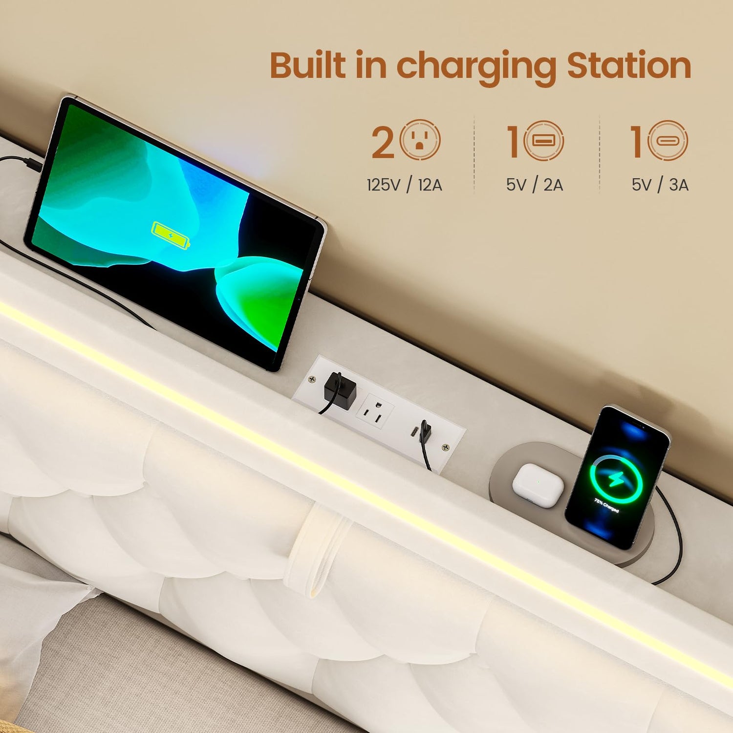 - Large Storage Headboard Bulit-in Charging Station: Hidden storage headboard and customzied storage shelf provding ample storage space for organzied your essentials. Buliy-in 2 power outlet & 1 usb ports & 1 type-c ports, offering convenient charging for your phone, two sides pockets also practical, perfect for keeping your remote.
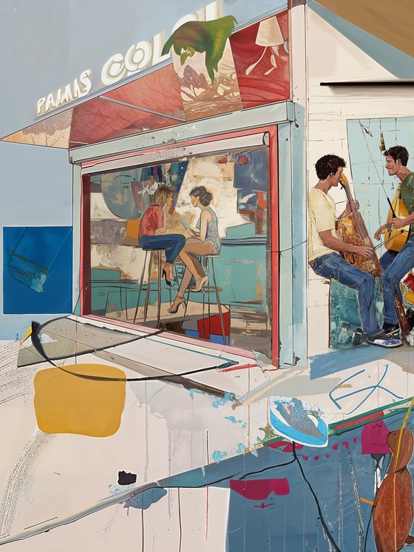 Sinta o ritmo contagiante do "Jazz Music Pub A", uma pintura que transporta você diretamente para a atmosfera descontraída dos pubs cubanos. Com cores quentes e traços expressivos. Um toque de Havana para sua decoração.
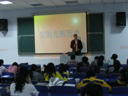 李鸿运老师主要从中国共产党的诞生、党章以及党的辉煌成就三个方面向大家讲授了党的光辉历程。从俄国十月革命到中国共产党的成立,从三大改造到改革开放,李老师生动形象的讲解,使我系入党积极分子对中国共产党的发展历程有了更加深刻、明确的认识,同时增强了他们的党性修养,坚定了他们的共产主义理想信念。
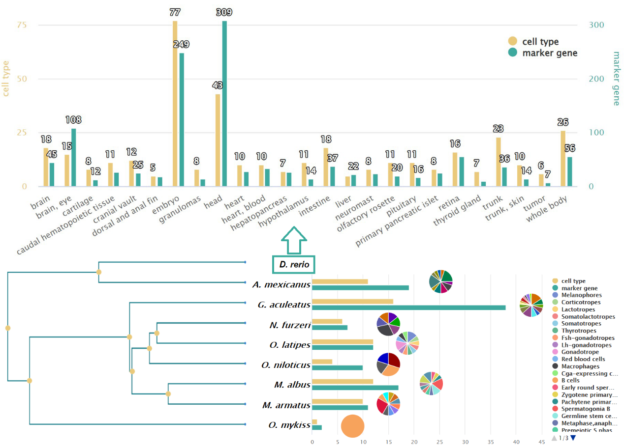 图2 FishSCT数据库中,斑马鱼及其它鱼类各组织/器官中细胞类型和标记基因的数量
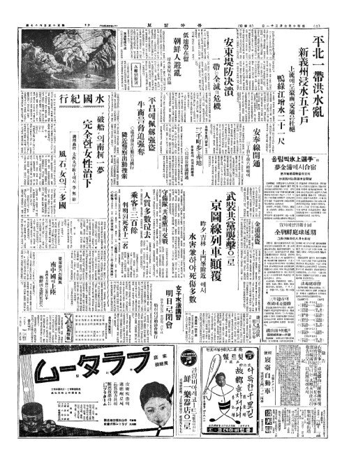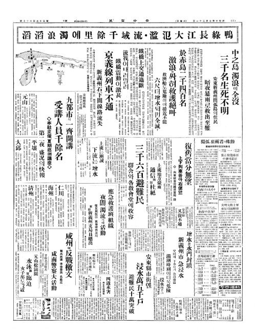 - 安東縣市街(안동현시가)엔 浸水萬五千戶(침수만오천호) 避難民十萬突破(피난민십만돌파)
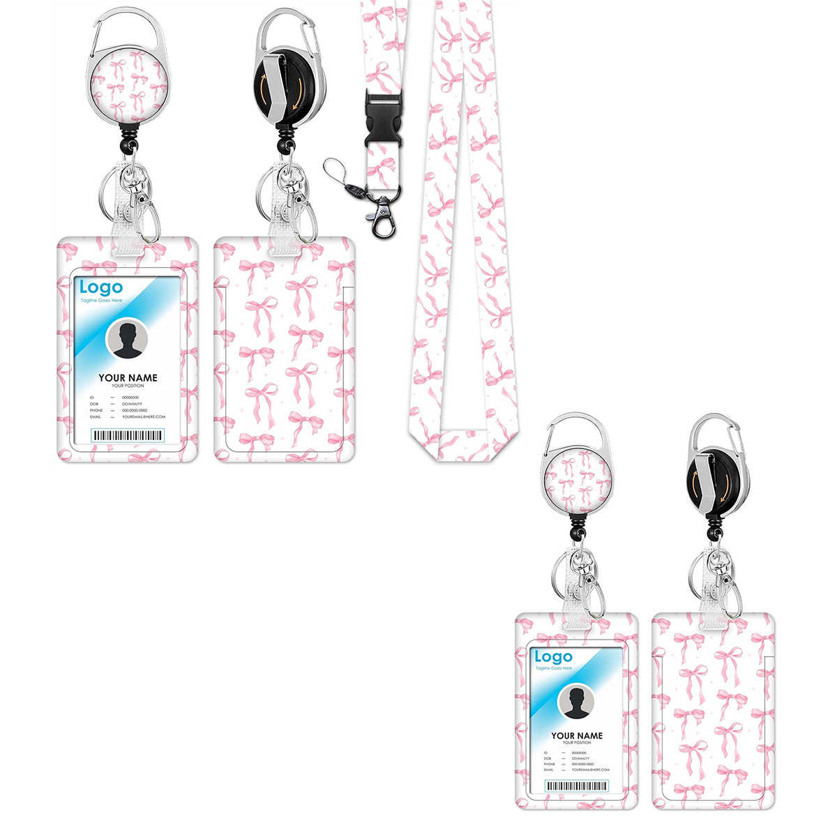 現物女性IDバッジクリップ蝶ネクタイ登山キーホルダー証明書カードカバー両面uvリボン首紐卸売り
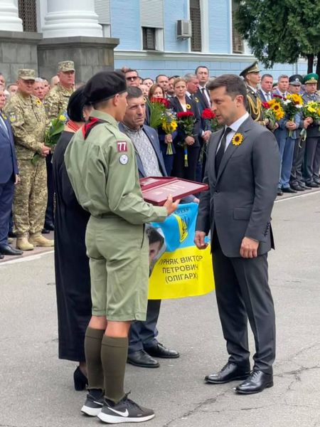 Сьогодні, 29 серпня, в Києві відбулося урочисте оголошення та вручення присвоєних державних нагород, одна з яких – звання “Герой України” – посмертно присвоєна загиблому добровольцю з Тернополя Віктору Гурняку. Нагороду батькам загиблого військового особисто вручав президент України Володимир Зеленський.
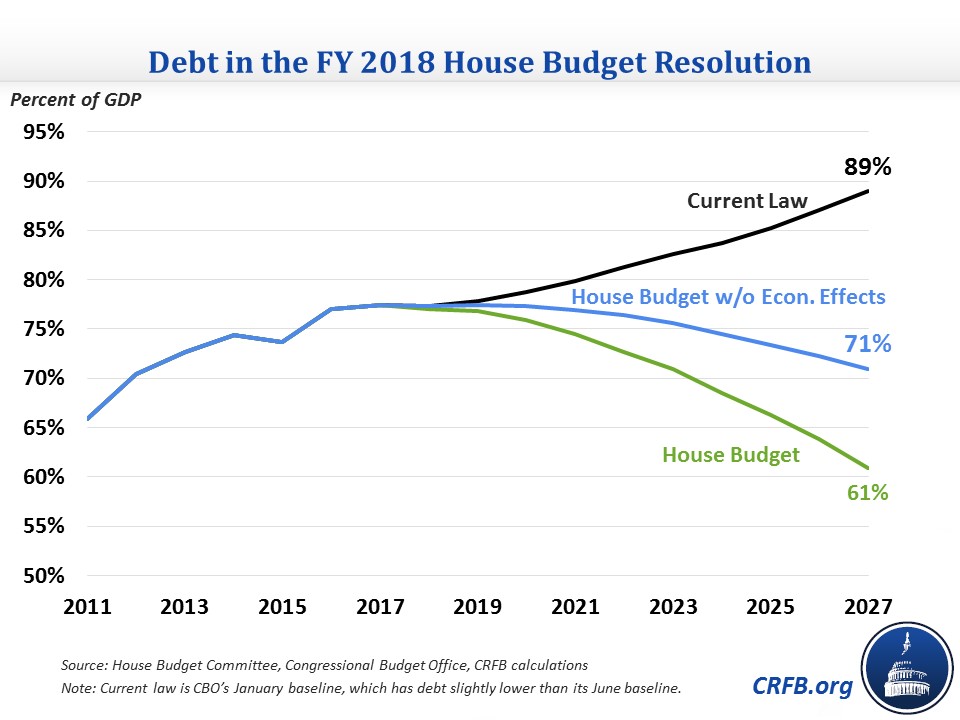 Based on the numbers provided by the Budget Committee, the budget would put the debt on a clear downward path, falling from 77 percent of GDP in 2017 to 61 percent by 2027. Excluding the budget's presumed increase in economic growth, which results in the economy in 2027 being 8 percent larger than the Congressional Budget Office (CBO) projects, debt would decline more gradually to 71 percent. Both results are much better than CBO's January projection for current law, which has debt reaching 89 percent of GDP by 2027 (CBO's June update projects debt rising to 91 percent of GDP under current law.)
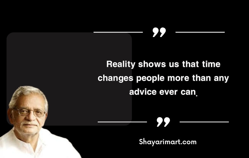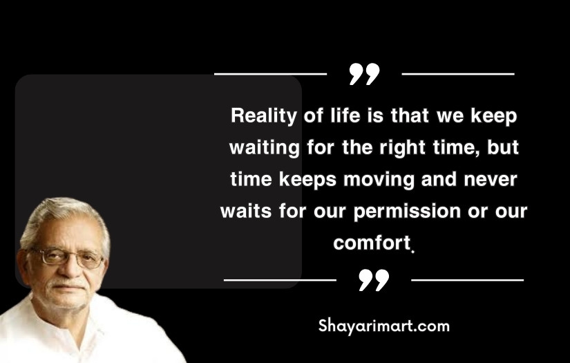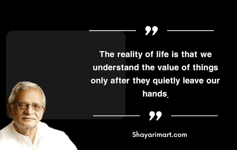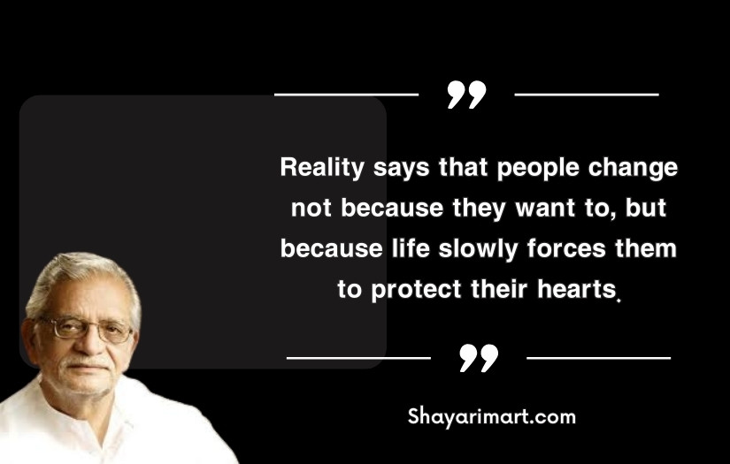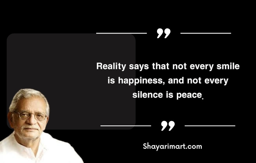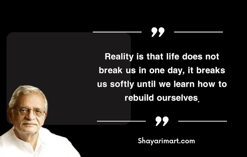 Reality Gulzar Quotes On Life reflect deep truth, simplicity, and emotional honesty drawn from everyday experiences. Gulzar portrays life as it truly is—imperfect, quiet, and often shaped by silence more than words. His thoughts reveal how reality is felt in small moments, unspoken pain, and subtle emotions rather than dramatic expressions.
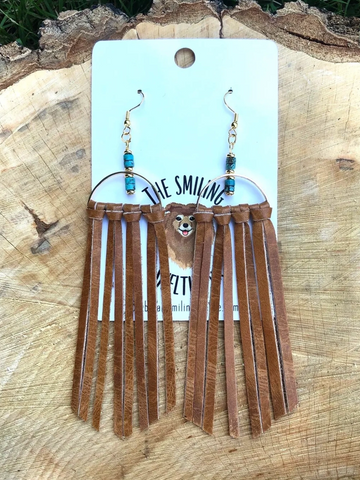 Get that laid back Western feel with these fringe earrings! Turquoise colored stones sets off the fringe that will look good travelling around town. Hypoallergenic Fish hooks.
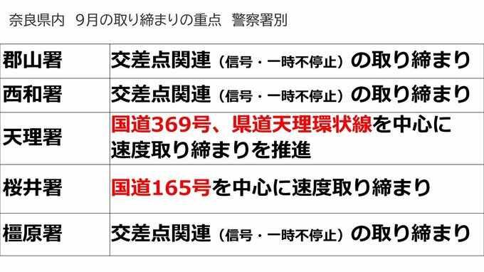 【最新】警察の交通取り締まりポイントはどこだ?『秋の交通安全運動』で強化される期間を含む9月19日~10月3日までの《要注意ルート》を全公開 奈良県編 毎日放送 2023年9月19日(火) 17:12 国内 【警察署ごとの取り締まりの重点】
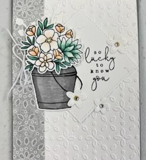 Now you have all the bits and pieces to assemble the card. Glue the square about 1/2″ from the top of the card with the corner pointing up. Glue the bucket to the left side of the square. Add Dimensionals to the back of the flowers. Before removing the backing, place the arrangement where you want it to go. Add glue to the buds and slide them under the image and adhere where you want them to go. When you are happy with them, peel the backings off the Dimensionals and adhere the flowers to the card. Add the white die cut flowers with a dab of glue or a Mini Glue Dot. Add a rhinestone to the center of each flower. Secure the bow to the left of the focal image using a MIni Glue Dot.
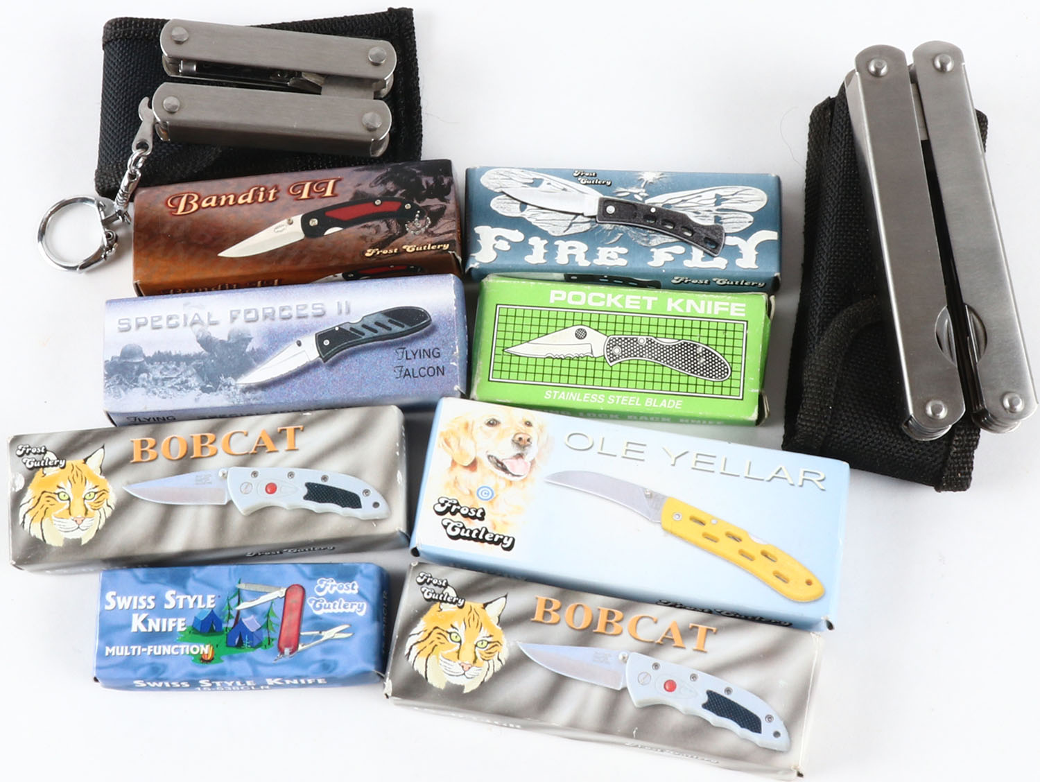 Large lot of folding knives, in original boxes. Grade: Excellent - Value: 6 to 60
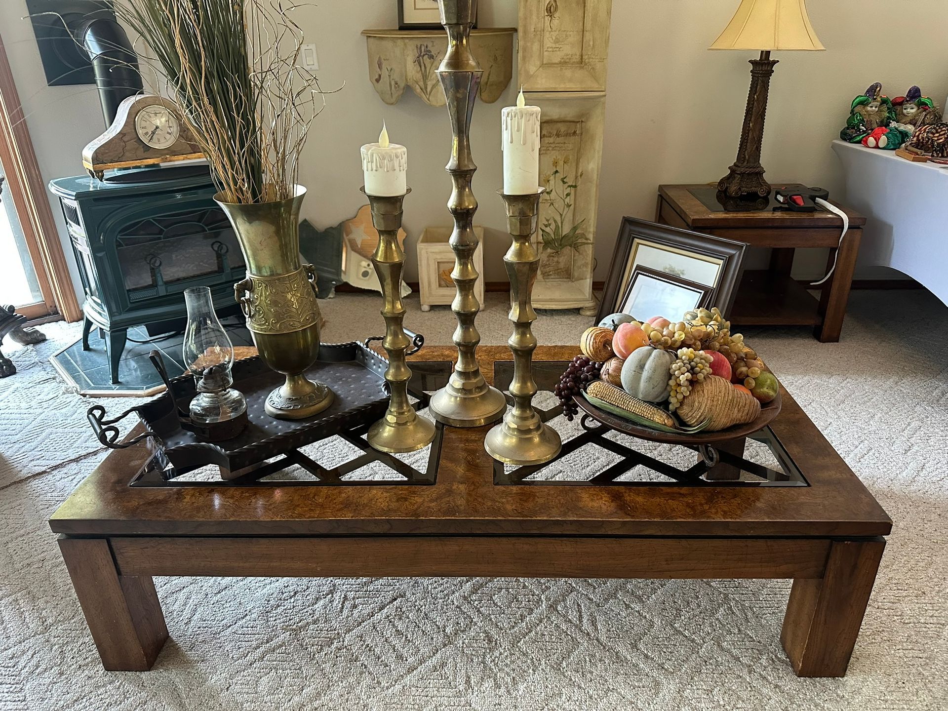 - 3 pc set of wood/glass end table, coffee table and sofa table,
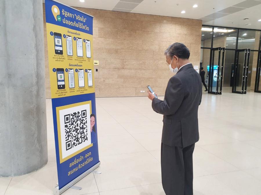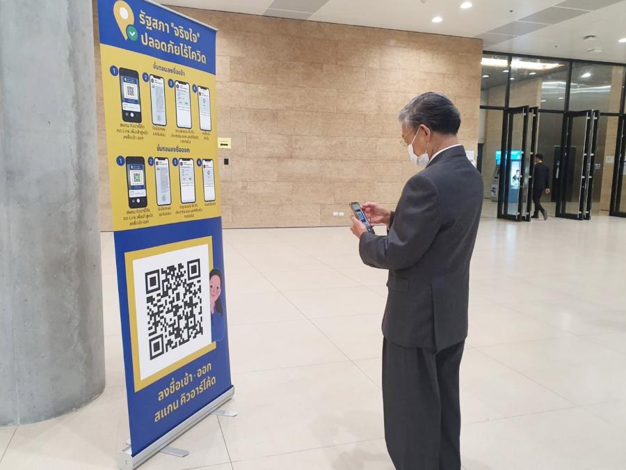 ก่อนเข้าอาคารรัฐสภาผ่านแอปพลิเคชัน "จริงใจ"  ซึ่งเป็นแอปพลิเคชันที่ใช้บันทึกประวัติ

┄┄┄┄┄┄┄┄┄┄

=== Action item ===
Pictures aside, repeat exactly every line from the top of the listing above through the line bearing "現物女性IDバッジクリップ蝶", inclusive.

=== Problem solution ===
 - Large Storage Headboard Bulit-in Charging Station: Hidden storage headboard and customzied storage shelf provding ample storage space for organzied your essentials. Buliy-in 2 power outlet & 1 usb ports & 1 type-c ports, offering convenient charging for your phone, two sides pockets also practical, perfect for keeping your remote.
 Sinta o ritmo contagiante do "Jazz Music Pub A", uma pintura que transporta você diretamente para a atmosfera descontraída dos pubs cubanos. Com cores quentes e traços expressivos. Um toque de Havana para sua decoração.
 李鸿运老师主要从中国共产党的诞生、党章以及党的辉煌成就三个方面向大家讲授了党的光辉历程。从俄国十月革命到中国共产党的成立,从三大改造到改革开放,李老师生动形象的讲解,使我系入党积极分子对中国共产党的发展历程有了更加深刻、明确的认识,同时增强了他们的党性修养,坚定了他们的共产主义理想信念。
 图2 FishSCT数据库中,斑马鱼及其它鱼类各组织/器官中细胞类型和标记基因的数量
 - 安東縣市街(안동현시가)엔 浸水萬五千戶(침수만오천호) 避難民十萬突破(피난민십만돌파)
 現物女性IDバッジクリップ蝶ネクタイ登山キーホルダー証明書カードカバー両面uvリボン首紐卸売り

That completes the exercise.